Top of Information shown

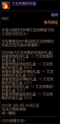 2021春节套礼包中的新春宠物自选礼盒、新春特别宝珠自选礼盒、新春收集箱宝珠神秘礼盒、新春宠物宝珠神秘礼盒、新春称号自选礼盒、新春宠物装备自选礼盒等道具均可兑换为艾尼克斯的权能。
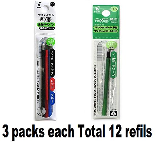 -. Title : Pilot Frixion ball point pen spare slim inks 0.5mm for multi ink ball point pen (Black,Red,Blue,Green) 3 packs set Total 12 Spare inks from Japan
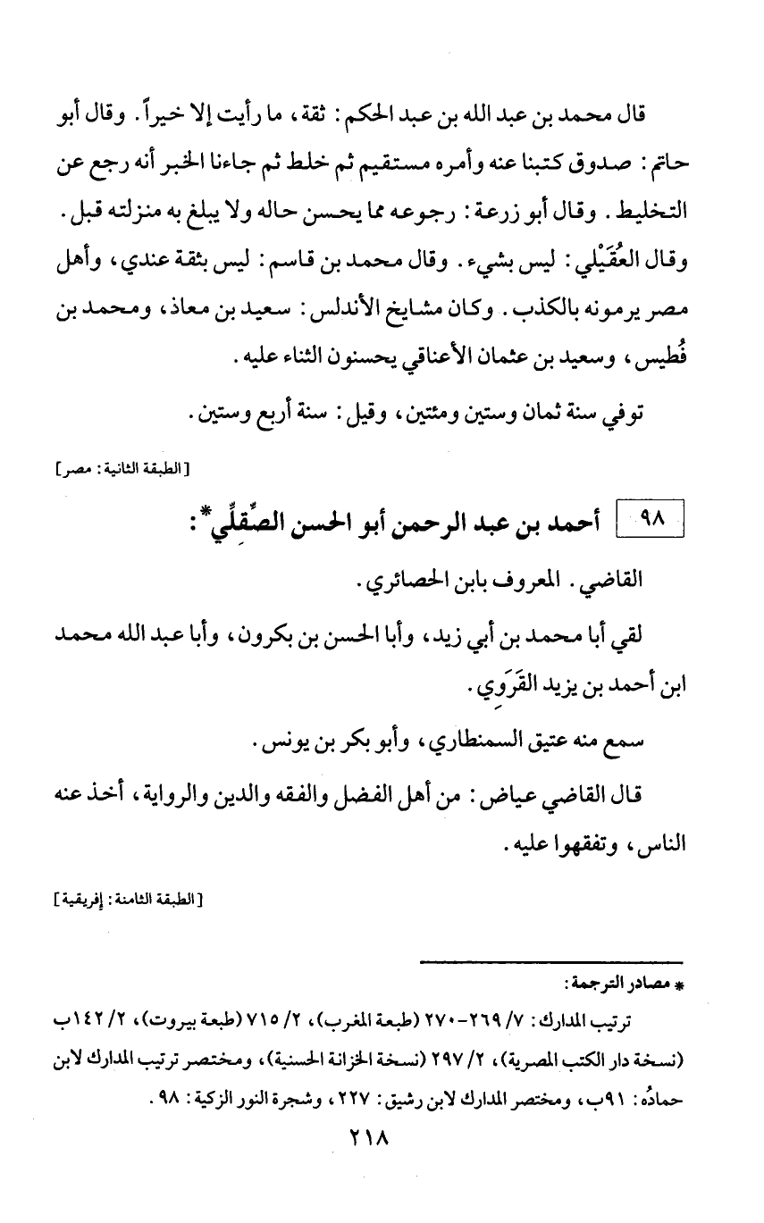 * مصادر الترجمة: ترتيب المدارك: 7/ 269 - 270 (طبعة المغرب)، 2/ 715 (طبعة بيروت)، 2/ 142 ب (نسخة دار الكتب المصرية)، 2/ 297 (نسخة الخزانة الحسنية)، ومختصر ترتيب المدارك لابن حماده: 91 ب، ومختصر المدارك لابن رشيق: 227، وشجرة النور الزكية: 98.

Bottom of Information shown

▸ Problem to solve
In full and without change, repeat the material above, minus the pictures.

▸ Result
 2021春节套礼包中的新春宠物自选礼盒、新春特别宝珠自选礼盒、新春收集箱宝珠神秘礼盒、新春宠物宝珠神秘礼盒、新春称号自选礼盒、新春宠物装备自选礼盒等道具均可兑换为艾尼克斯的权能。
 -. Title : Pilot Frixion ball point pen spare slim inks 0.5mm for multi ink ball point pen (Black,Red,Blue,Green) 3 packs set Total 12 Spare inks from Japan
 * مصادر الترجمة: ترتيب المدارك: 7/ 269 - 270 (طبعة المغرب)، 2/ 715 (طبعة بيروت)، 2/ 142 ب (نسخة دار الكتب المصرية)، 2/ 297 (نسخة الخزانة الحسنية)، ومختصر ترتيب المدارك لابن حماده: 91 ب، ومختصر المدارك لابن رشيق: 227، وشجرة النور الزكية: 98.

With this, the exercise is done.